◆ Materials provided ◆
+===+

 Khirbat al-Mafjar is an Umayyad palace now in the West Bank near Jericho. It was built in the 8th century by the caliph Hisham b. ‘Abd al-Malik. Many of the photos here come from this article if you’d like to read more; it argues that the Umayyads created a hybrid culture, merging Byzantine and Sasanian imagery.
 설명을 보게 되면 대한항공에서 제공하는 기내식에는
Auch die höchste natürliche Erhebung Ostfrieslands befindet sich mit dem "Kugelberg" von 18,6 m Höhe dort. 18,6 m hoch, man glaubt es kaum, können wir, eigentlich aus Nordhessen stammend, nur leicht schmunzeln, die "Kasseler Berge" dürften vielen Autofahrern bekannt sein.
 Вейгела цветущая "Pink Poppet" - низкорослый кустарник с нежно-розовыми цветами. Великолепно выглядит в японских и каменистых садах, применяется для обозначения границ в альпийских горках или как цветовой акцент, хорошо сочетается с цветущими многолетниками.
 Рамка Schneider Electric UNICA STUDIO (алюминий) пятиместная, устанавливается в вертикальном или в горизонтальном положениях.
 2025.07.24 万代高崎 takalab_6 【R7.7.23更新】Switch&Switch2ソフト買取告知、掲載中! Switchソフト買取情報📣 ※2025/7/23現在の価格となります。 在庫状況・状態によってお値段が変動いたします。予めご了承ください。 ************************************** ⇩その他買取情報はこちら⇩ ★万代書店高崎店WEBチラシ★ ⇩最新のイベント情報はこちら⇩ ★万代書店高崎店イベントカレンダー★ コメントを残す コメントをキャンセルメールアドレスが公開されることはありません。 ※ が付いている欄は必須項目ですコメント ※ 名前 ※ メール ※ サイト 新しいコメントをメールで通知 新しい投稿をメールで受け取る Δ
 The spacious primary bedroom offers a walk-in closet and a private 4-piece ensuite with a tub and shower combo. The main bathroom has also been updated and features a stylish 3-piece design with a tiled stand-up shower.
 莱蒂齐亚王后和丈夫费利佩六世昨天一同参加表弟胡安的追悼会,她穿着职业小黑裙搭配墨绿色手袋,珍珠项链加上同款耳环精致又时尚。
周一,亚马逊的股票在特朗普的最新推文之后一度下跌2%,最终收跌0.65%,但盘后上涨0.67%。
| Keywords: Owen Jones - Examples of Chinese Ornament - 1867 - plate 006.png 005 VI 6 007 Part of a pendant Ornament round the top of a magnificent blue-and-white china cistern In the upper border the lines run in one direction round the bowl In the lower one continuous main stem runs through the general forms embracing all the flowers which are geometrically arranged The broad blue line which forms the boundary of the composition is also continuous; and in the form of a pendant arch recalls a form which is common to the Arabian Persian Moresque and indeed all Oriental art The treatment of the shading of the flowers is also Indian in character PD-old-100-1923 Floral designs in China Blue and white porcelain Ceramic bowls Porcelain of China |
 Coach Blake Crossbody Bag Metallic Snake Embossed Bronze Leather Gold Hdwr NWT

+===+

◆ Task prompt ◆
Restate each line above word for word.

◆ Result of this task ◆
 Khirbat al-Mafjar is an Umayyad palace now in the West Bank near Jericho. It was built in the 8th century by the caliph Hisham b. ‘Abd al-Malik. Many of the photos here come from this article if you’d like to read more; it argues that the Umayyads created a hybrid culture, merging Byzantine and Sasanian imagery.
 설명을 보게 되면 대한항공에서 제공하는 기내식에는
Auch die höchste natürliche Erhebung Ostfrieslands befindet sich mit dem "Kugelberg" von 18,6 m Höhe dort. 18,6 m hoch, man glaubt es kaum, können wir, eigentlich aus Nordhessen stammend, nur leicht schmunzeln, die "Kasseler Berge" dürften vielen Autofahrern bekannt sein.
 Вейгела цветущая "Pink Poppet" - низкорослый кустарник с нежно-розовыми цветами. Великолепно выглядит в японских и каменистых садах, применяется для обозначения границ в альпийских горках или как цветовой акцент, хорошо сочетается с цветущими многолетниками.
 Рамка Schneider Electric UNICA STUDIO (алюминий) пятиместная, устанавливается в вертикальном или в горизонтальном положениях.
 2025.07.24 万代高崎 takalab_6 【R7.7.23更新】Switch&Switch2ソフト買取告知、掲載中! Switchソフト買取情報📣 ※2025/7/23現在の価格となります。 在庫状況・状態によってお値段が変動いたします。予めご了承ください。 ************************************** ⇩その他買取情報はこちら⇩ ★万代書店高崎店WEBチラシ★ ⇩最新のイベント情報はこちら⇩ ★万代書店高崎店イベントカレンダー★ コメントを残す コメントをキャンセルメールアドレスが公開されることはありません。 ※ が付いている欄は必須項目ですコメント ※ 名前 ※ メール ※ サイト 新しいコメントをメールで通知 新しい投稿をメールで受け取る Δ
 The spacious primary bedroom offers a walk-in closet and a private 4-piece ensuite with a tub and shower combo. The main bathroom has also been updated and features a stylish 3-piece design with a tiled stand-up shower.
 莱蒂齐亚王后和丈夫费利佩六世昨天一同参加表弟胡安的追悼会,她穿着职业小黑裙搭配墨绿色手袋,珍珠项链加上同款耳环精致又时尚。
周一,亚马逊的股票在特朗普的最新推文之后一度下跌2%,最终收跌0.65%,但盘后上涨0.67%。
| Keywords: Owen Jones - Examples of Chinese Ornament - 1867 - plate 006.png 005 VI 6 007 Part of a pendant Ornament round the top of a magnificent blue-and-white china cistern In the upper border the lines run in one direction round the bowl In the lower one continuous main stem runs through the general forms embracing all the flowers which are geometrically arranged The broad blue line which forms the boundary of the composition is also continuous; and in the form of a pendant arch recalls a form which is common to the Arabian Persian Moresque and indeed all Oriental art The treatment of the shading of the flowers is also Indian in character PD-old-100-1923 Floral designs in China Blue and white porcelain Ceramic bowls Porcelain of China |
 Coach Blake Crossbody Bag Metallic Snake Embossed Bronze Leather Gold Hdwr NWT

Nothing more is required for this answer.